US 12,142,034 B2
	Attention-based image generation neural networks
Noam M. Shazeer, Palo Alto, CA (US); Lukasz Mieczyslaw Kaiser, San Francisco, CA (US); Jakob D. Uszkoreit, Berlin (DE); Niki J. Parmar, San Francisco, CA (US); and Ashish Teku Vaswani, San Francisco, CA (US)
Assigned to Google LLC, Mountain View, CA (US)
Filed by Google LLC, Mountain View, CA (US)
Filed on Nov. 8, 2023, as Appl. No. 18/388,178.
Application 18/388,178 is a continuation of application No. 17/867,242, filed on Jul. 18, 2022, granted, now 11,816,884.
Application 17/867,242 is a continuation of application No. 17/098,271, filed on Nov. 13, 2020, granted, now 11,392,790, issued on Jul. 19, 2022.
Application 17/098,271 is a continuation of application No. 16/174,074, filed on Oct. 29, 2018, granted, now 10,839,259, issued on Nov. 17, 2020.
Claims priority of provisional application 62/578,390, filed on Oct. 27, 2017.
Prior Publication US 2024/0193926 A1, Jun. 13, 2024
Int. Cl. G06V 10/82 (2022.01); G06F 18/21 (2023.01); G06F 18/213 (2023.01); G06F 18/28 (2023.01); G06N 3/04 (2023.01); G06N 3/084 (2023.01); G06T 3/4053 (2024.01); G06V 10/56 (2022.01); G06V 10/77 (2022.01)
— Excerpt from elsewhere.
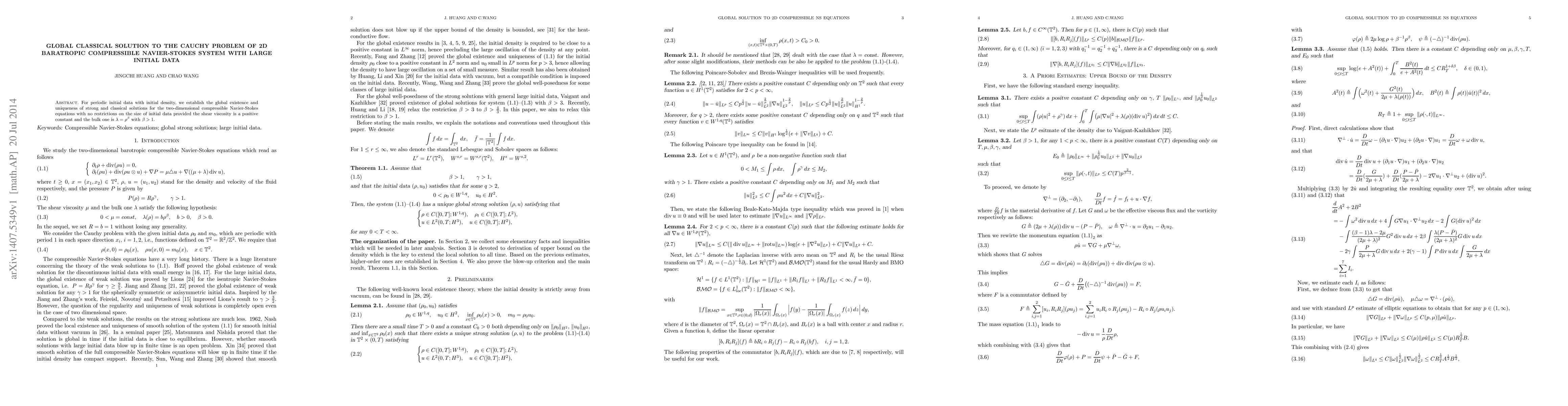 For periodic initial data with initial density, we establish the global existence and uniqueness of strong and classical solutions for the two-dimensional compressible Navier-Stokes equations with no restrictions on the size of initial data provided the shear viscosity is a positive constant and the bulk one is $\lam=\rho^{\b}$ with $\b>1.$

CPC G06V 10/82 (2022.01) [G06F 18/213 (2023.01); G06F 18/217 (2023.01); G06F 18/28 (2023.01); G06N 3/04 (2013.01); G06N 3/084 (2013.01); G06T 3/4053 (2013.01); G06V 10/56 (2022.01); G06V 10/7715 (2022.01)]

20 Claims

1. A method of generating an output image, the output image comprising a plurality of pixels arranged in a two-dimensional map, each pixel having a respective value for each of a plurality of channels, and the method comprising:

receiving a conditioning input;

processing the conditioning input using an encoder neural network to generate a sequential conditioning representation that comprises a sequence of encoded representations;

generating the output image, comprising, at each of a plurality of generation time steps:

generating a current output image representation of the output image as of the generation time step; and

processing the current output image representation using a decoder neural network to update the output image, wherein the decoder neural network comprises a sequence of decoder subnetworks, one or more of the decoder subnetworks comprising a respective encoder-decoder attention sub-layer that is configured to:

receive a respective input for each of a plurality of positions that is derived from the current output image representation; and

generate a respective updated representation for each of the plurality of positions, comprising applying an attention mechanism over the encoded representations in the sequential conditioning representation using one or more queries derived from the respective inputs for each of the plurality of positions.